On November 26, 2013, Whitestone REIT, a Maryland real estate investment trust (the “Company”), operating through its subsidiary, Whitestone Industrial-Office LLC (the “Borrower”), entered into a loan agreement (the “Loan Agreement”) with Jackson National Life Insurance Company (the “Lender”) for a mortgage loan in the principal amount of $37,000,000 (the “Loan”).
The Loan provides for a fixed interest rate of 3.76% per annum. Payments commence on January 1, 2014 and are due on the first day of each calendar month thereafter through December 1, 2020. Monthly payments consist of principal and interest based on a 25-year amortization schedule. The Loan may be prepaid, in full but not in part, after November 30, 2015, upon written notice to the Lender and the payment of a prepayment premium equal to the greater of (i) one percent (1%) of the outstanding principal balance of the Loan at the time of prepayment or (ii) the present value of the Loan at the time of prepayment of all future principal and interest payments beginning with the next payment due on the month following the payoff date, including any balloon payments assuming payment in accordance with the repayment terms set forth in the loan documents. No prepayment premium is required for prepayments in full made on or after September 1, 2020.
The Loan is a non-recourse loan secured by nine of the Company’s properties, including their related equipment, fixtures, personal property and other assets, and a limited carve-out guarantee by the Company’s operating partnership.
The loan documents contain customary terms and conditions, including, without limitation, affirmative and negative covenants, such as information reporting and insurance requirements. The loan documents also contain customary events of default, including defaults in the payment of principal or interest, defaults in compliance with the covenants and bankruptcy or other insolvency events. Upon the occurrence of an event of default, the Lender is entitled to accelerate all obligations of the Borrower. The Lender will also be entitled to receive the entire unpaid principal balance at a default rate.

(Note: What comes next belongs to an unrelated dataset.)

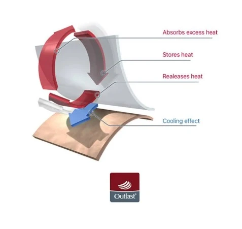 Materiál Outlast® dokáže pracovat s tělesným teplem, omezuje nadměrné pocení a v případě snížení teploty naopak zahřeje.

A portion of the Loan proceeds were used to pay off the Borrower’s existing $23.0 million floating rate loan that matured on December 1, 2013, which loan was described in the Current Report on Form 8-K filed by the Company on October 9, 2008. The remainder of the proceeds will be used to pay off approximately $10.1 million of the Company’s fixed rate indebtedness maturing in 2014.
The foregoing description of the terms of the loan documents does not purport to be complete and is qualified in its entirety by reference to the full text of the Loan Agreement and Fixed Rate Promissory Note, which are filed as Exhibits 10.1 and 10.2, respectively, hereto and are incorporated herein by reference.
Item 2.03. Creation of a Direct Financial Obligation or an Obligation under an Off-Balance Sheet Arrangement of a Registrant.
The disclosure contained in Item 1.01 above is incorporated in this Item 2.03 by reference.
Item 9.01. Financial Statements and Exhibits.
(d) Exhibits.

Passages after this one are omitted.